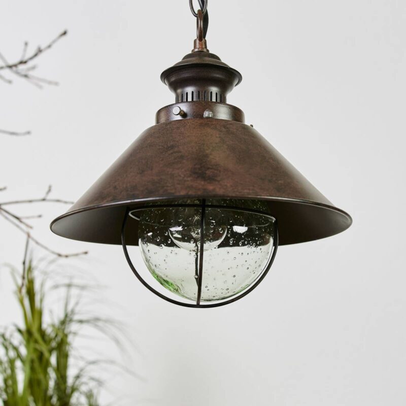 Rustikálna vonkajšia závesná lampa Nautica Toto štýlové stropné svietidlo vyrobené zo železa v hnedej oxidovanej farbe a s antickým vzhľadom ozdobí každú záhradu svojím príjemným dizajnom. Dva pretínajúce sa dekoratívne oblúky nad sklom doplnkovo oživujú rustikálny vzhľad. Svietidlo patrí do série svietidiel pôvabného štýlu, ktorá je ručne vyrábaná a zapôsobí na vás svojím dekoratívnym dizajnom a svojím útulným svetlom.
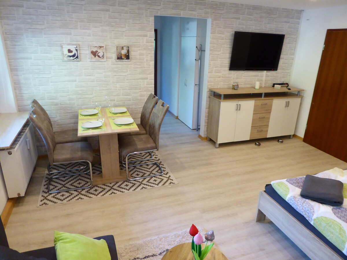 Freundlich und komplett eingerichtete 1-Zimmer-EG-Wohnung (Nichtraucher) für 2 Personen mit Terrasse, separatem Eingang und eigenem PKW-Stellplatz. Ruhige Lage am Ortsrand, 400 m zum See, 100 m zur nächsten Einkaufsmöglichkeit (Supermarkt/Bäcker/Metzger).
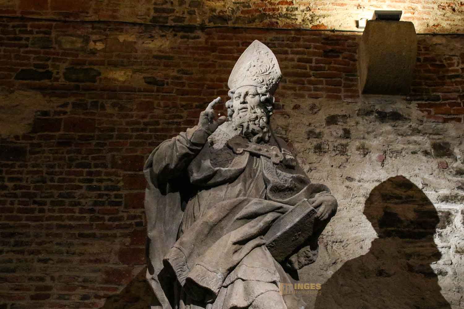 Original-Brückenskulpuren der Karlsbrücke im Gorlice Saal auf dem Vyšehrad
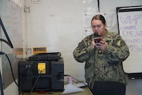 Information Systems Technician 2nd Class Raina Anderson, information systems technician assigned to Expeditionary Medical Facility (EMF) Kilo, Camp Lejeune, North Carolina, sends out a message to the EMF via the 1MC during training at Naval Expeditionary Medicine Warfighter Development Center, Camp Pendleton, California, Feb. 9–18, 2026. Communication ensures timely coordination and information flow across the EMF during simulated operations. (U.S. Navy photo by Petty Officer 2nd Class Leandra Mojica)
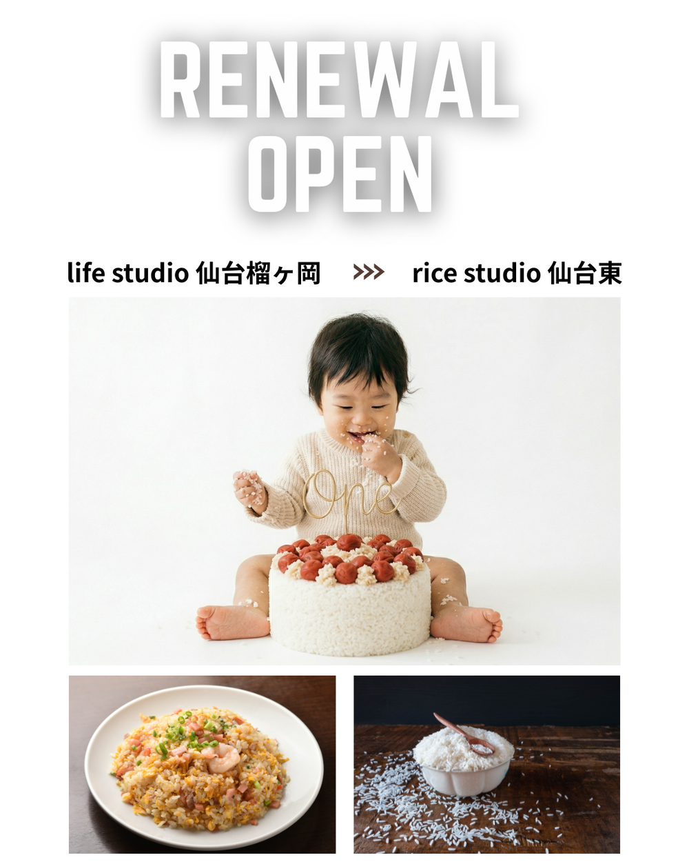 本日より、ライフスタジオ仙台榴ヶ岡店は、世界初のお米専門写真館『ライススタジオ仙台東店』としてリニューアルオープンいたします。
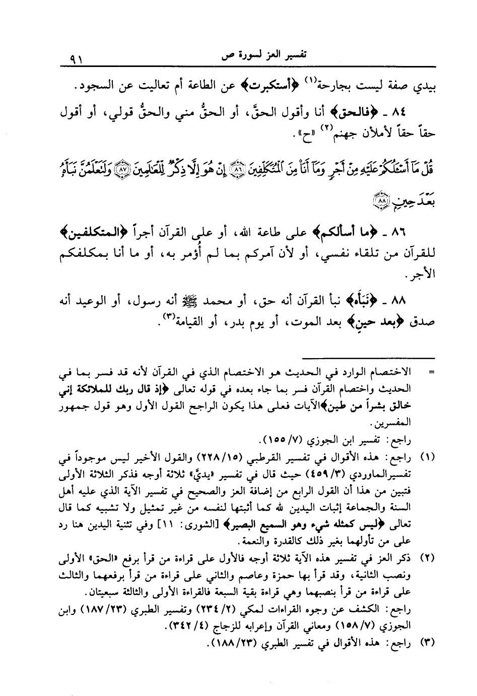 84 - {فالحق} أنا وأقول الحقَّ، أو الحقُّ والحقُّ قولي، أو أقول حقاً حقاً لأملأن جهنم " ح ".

········

• _EXERCISE_: Only an exact copy of the records, free of images, belongs in the answer.

• _ANSWER TO THIS PROBLEM_:
 Rustikálna vonkajšia závesná lampa Nautica Toto štýlové stropné svietidlo vyrobené zo železa v hnedej oxidovanej farbe a s antickým vzhľadom ozdobí každú záhradu svojím príjemným dizajnom. Dva pretínajúce sa dekoratívne oblúky nad sklom doplnkovo oživujú rustikálny vzhľad. Svietidlo patrí do série svietidiel pôvabného štýlu, ktorá je ručne vyrábaná a zapôsobí na vás svojím dekoratívnym dizajnom a svojím útulným svetlom.
 Freundlich und komplett eingerichtete 1-Zimmer-EG-Wohnung (Nichtraucher) für 2 Personen mit Terrasse, separatem Eingang und eigenem PKW-Stellplatz. Ruhige Lage am Ortsrand, 400 m zum See, 100 m zur nächsten Einkaufsmöglichkeit (Supermarkt/Bäcker/Metzger).
 Original-Brückenskulpuren der Karlsbrücke im Gorlice Saal auf dem Vyšehrad
 Information Systems Technician 2nd Class Raina Anderson, information systems technician assigned to Expeditionary Medical Facility (EMF) Kilo, Camp Lejeune, North Carolina, sends out a message to the EMF via the 1MC during training at Naval Expeditionary Medicine Warfighter Development Center, Camp Pendleton, California, Feb. 9–18, 2026. Communication ensures timely coordination and information flow across the EMF during simulated operations. (U.S. Navy photo by Petty Officer 2nd Class Leandra Mojica)
 本日より、ライフスタジオ仙台榴ヶ岡店は、世界初のお米専門写真館『ライススタジオ仙台東店』としてリニューアルオープンいたします。
 84 - {فالحق} أنا وأقول الحقَّ، أو الحقُّ والحقُّ قولي، أو أقول حقاً حقاً لأملأن جهنم " ح ".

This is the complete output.